Nearly 100 panoramic images from 6-1/2 years of playing No Man's Sky

Under the Rings (Frontiers)

I started with No Man’s Sky in 2016 when it launched on Steam and I was immediately captivated by how beautiful it was. But as an amateur photographer who does a lot of panoramic photography, it also occurred to me how well suited the game was to the same treatment. The result is my Flickr album with nearly 100 panoramic images from the 6-1/2 years I’ve been playing. (Posted as a Flickr Album because of sheer quantity, and because Reddit doesn’t lend itself to wide-aspect photos).

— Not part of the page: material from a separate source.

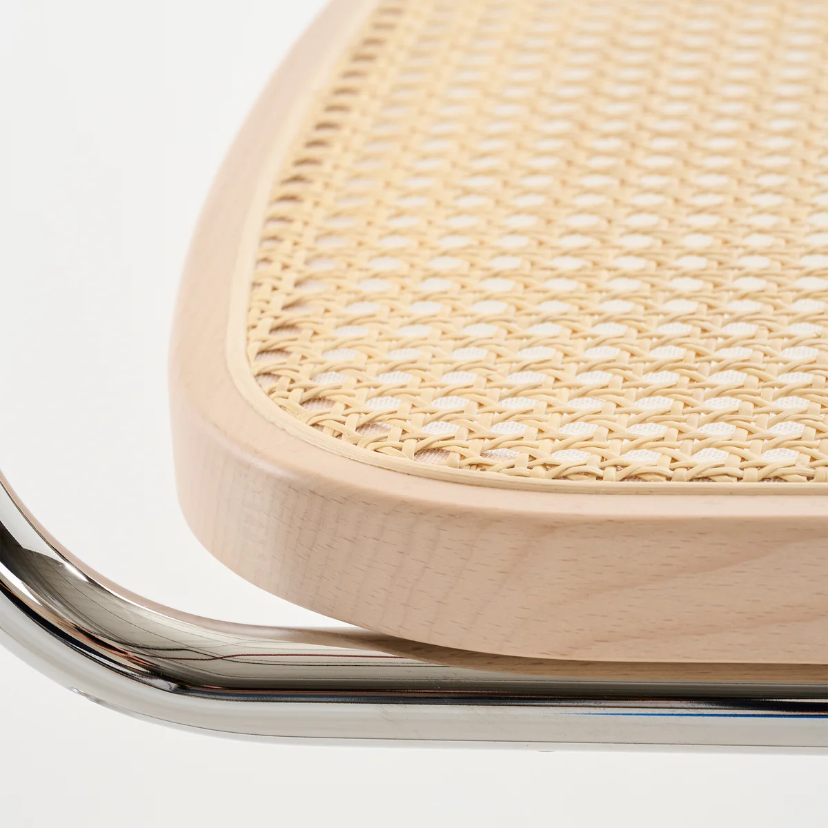 Die Besonderheit des S 32 Lounge besteht darin, dass er die typischen Eigenschaften eines Freischwingers mit den gestalterischen Merkmalen eines Lounge-Möbels verbindet. Die Sitzfläche wurde für maximale Ergonomie grosszügig erweitert (58 cm) und leicht nach hinten geneigt. Ohne Armlehnen ermöglicht dieser Loungesessel eine kommunikative Atmosphäre, die ein entspanntes Nebeneinander und Miteinander fördert. Mit einer angenehmen Sitzhöhe von 40 cm harmoniert er perfekt mit Sofas und passt hervorragend in verschiedene Raumkonzepte. Im Vergleich zu gepolsterten Sesseln überzeugt der S 32 Lounge durch seine formale Leichtigkeit und kompakten Masse, sodass er sich nicht dominant in den Raum drängt, sondern durch sein luftiges Stahlrohrgestell eine transparente und grosszügige Aura verströmt.

I started creating panoramic images from the game that first week. It was a lot harder in the early days: there was no photo mode so things kept moving while you shot each frame, you couldn’t disable the scan lines or vignetting, you couldn’t adjust the lighting or time of day, and placing your ship precisely was next to impossible. It’s gotten a lot easier over the years.

Most of the images are stitched together from between 20 and 30 individual frames, and then cropped to frame. Most end up between about 5 and 6k wide.

I’ve been doing it off and on. Most of my panos are from NEXT and earlier, and then from Prisms and beyond (I took a pause form the game between Visions and Origins, so there are gaps). And I have a number of sequences that I never got around to assembling.